Unberücksichtigt der vielen unterschiedlichen Interpretationen dieses Begriffes Freiheit, die sicherlich allesamt und auch jede für sich ihre prinzipielle Bedeutung haben mögen, bleibt für mich das, was hier gesagt wird, letztendlich das, was ich emotional empfinde und warum ich Deutschland verlassen habe.
Ich glaube aber auch, dass das hier Gesagte nicht nur auf ein Land, sondern im Grunde auf alle Länder (Gesellschaften) dieser Erde zutrifft. Es tritt daher die für mich eigentliche Frage auf: Wie viel Eigenverantwortung brauche ich? Und dagegen: Wie viel Bevormundung durch Regulierungen des Staates ist für mich zu viel? Unser Erlebnis mit den Müllgebühren (. . . i tyskland) hat mir diese für mich inakzeptable Grenze letztendlich aufgezeigt.
In diesem (Un-)Verhältnis liegen zwischen Deutschland und Schweden für unseren normalen Alltag nicht unwesentliche Unterschiede in beinahe allen Lebensbereichen. Nun, auch in Schweden wird bei Gelegenheit immer wieder für noch mehr (Schein-)Sicherheit plädiert, ohne dass man sich darüber im Klaren ist, dass damit auch hier die Freiheit und Eigenverantwortlichkeit des Einzelnen noch weiter eingeschränkt werden wird, als es bereits der Fall ist.
Sicherheit und Freiheit, ebenso wie auch Gleichheit und Freiheit, schließen sich meiner Meinung nach gegenseitig aus, beeinträchtigen sich zumindest gegenseitig.
Ich glaube, dass sich die meisten (zu viele) Menschen mit möglichst allumfassenden Regulierungen und weniger bis gar keiner Eigenverantwortung wohler fühlen. Es ist trotzdem für die schwedische Gesellschaft (somit auch für uns) zu hoffen, dass solche weiteren Einschränkungen durch noch mehr Regulierungen in naher Zukunft nicht erfolgen werden, selbst wenn diese - auch von außen (EU) - gefordert werden.
Ich möchte diesen - hier 10seitigen - aufschlussreichen Textbeitrag, trotz etwas anderer Überlegungen im Hinblick auf einige Passagen, mit freundlicher Genehmigung der Redaktion zeitreport (27.10.2003) wortwörtlich übernehmen.
Freiheit, die ich meine . . . von H.-W. Graf, DBSFS e.V.
Kaum ein Begriff wird – und das in jeder Sprache – so euphorisch und emphatisch, beschwörend und eindringlich in Reden und Liedern, Balladen und Vorträgen, ja sogar in Verfassungen als ultimatives Ziel und politisches Versprechen Völkern und Bürgern, Lesern und Zuhörern mit geradezu suggestiver Kraft untermalt angeboten.

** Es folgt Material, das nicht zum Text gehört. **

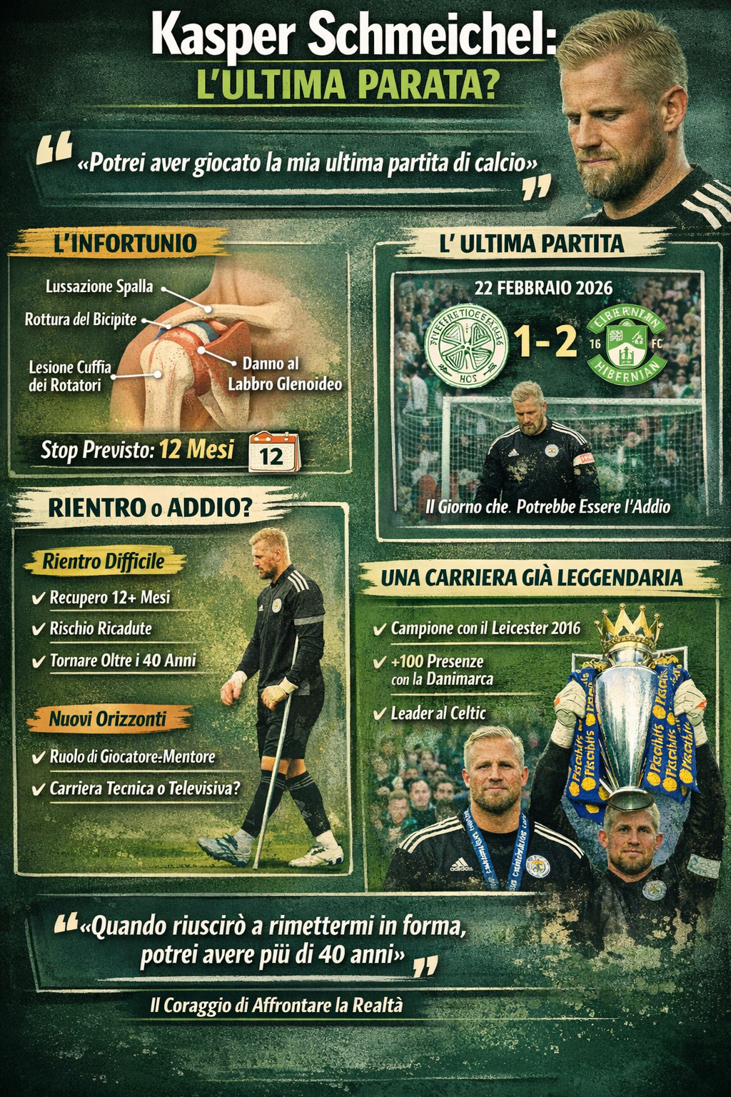 È una previsione che trova conferma nella letteratura medica, soprattutto nei casi in cui più strutture della spalla devono essere ricostruite contemporaneamente. La riparazione del labbro glenoideo, unita a quella della cuffia dei rotatori e al trattamento del bicipite, richiede tempi lunghi e un percorso riabilitativo estremamente graduale. A quasi 40 anni, inoltre, i tempi biologici si allungano: la guarigione è più lenta e il rischio di complicazioni aumenta. Il 22 febbraio 2026, giorno della sconfitta del Celtic contro l’Hibernian, assume così un significato diverso. Quella partita, inizialmente una semplice battuta d’arresto, oggi appare come l’ultima immagine agonistica di Schmeichel. A posteriori, è evidente che la condizione fisica fosse già compromessa, probabilmente oltre il limite sostenibile per competere ad alti livelli.
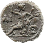 Roma seated left, head right, holding spear and parazonium, leaning on rock; in front of which, she-wolf and twins
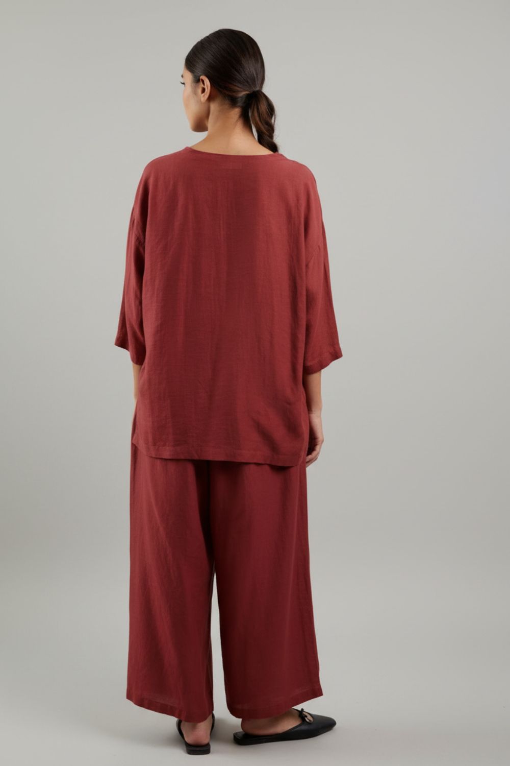 Description: A relaxed-fit co-ord set in luxurious Bemberg fabrics, featuring pleated pants with an adjustable drawstring waist and a flowy, layered top. Designed for effortless elegance, the maroon-hued ensemble drapes beautifully, making it perfect for festive occasions or refined everyday wear.
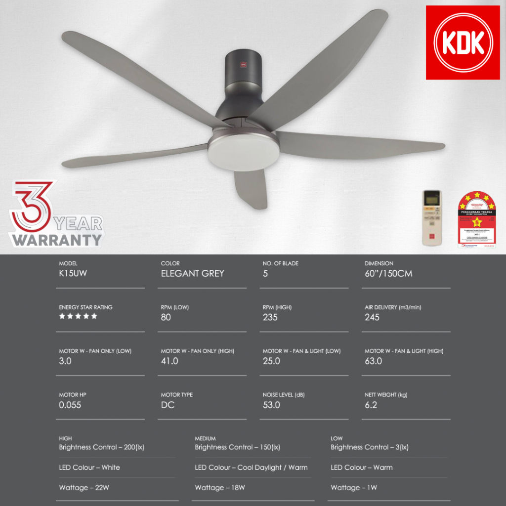 KDK Nikko Series (60"/150cm) Ceiling Fan Remote Control Type Fan Kipas Siling/ Kipas Ceiling(KOOK)
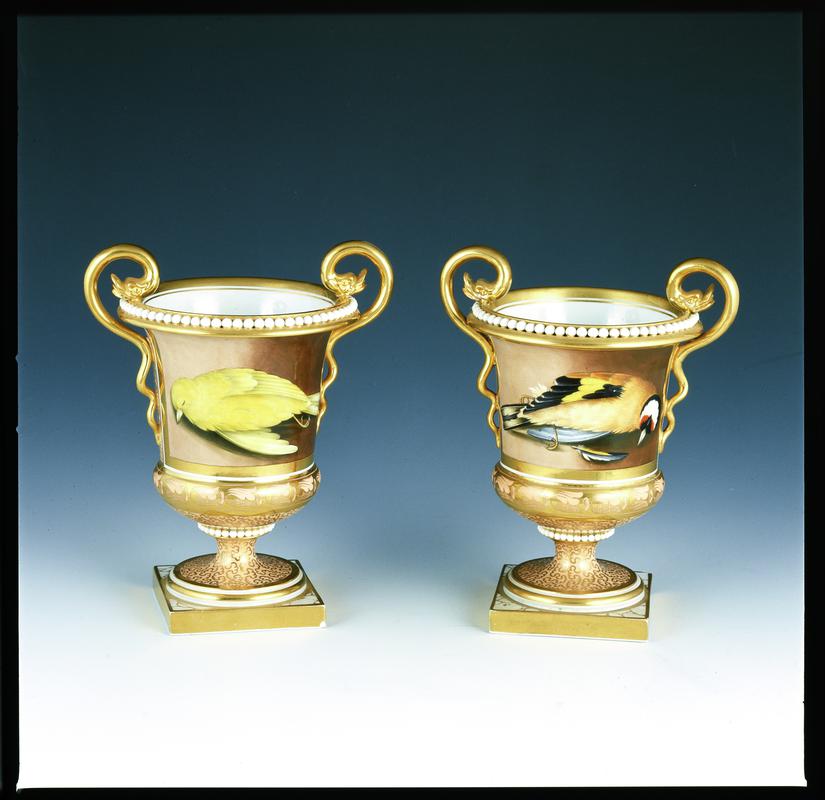 Plate, soft-paste porcelain, circular; enamelled in the well with a dead bullfinch and a dead goldfinch on a marble table, plain gilded bands either side of a gilded border of scrolling palmettes.

Wer könnte hiergegen schon einen Einwand wagen, dagegen opponieren oder auch nur das Wort an sich zu relativieren trachten? Die Freiheit des Einzelnen – so lautet der einhellige Konsens – findet allenfalls dort seine Begrenzung, wo die Freiheit des Nächsten eingeschränkt wird. Aber, stimmt das wirklich?
Unterzieht man diesen Begriff einer genaueren Analyse, so stellt er sich als weitaus komplexer und differenzierter dar, als dies sein allgemeiner Gebrauch vermuten lässt. Und geradezu alarmieren muss, in welch’ geringem Maße dieser Begriff – entgegen seiner ständigen Beschwörung – tatsächlich verwirklicht und gelebt wird.
Spätestens dann, wenn dem Begriff Freiheit auch noch der der Sicherheit beigesellt und uns beides im Doppelpack versprochen wird, sollten bei den damit beglückten Rezipienten alle Alarmglocken schrillen; hier kann nämlich nicht mehr von einem nachlässigen Gebrauch der Worte und mangelnder geistiger Durchdringung gesprochen werden, hier geht es vielmehr um Vorsatz und Betrug, bewusste Lüge und Korruption. Sicherheit und Freiheit sind nämlich Antipoden; je mehr vom einen, desto weniger vom anderen!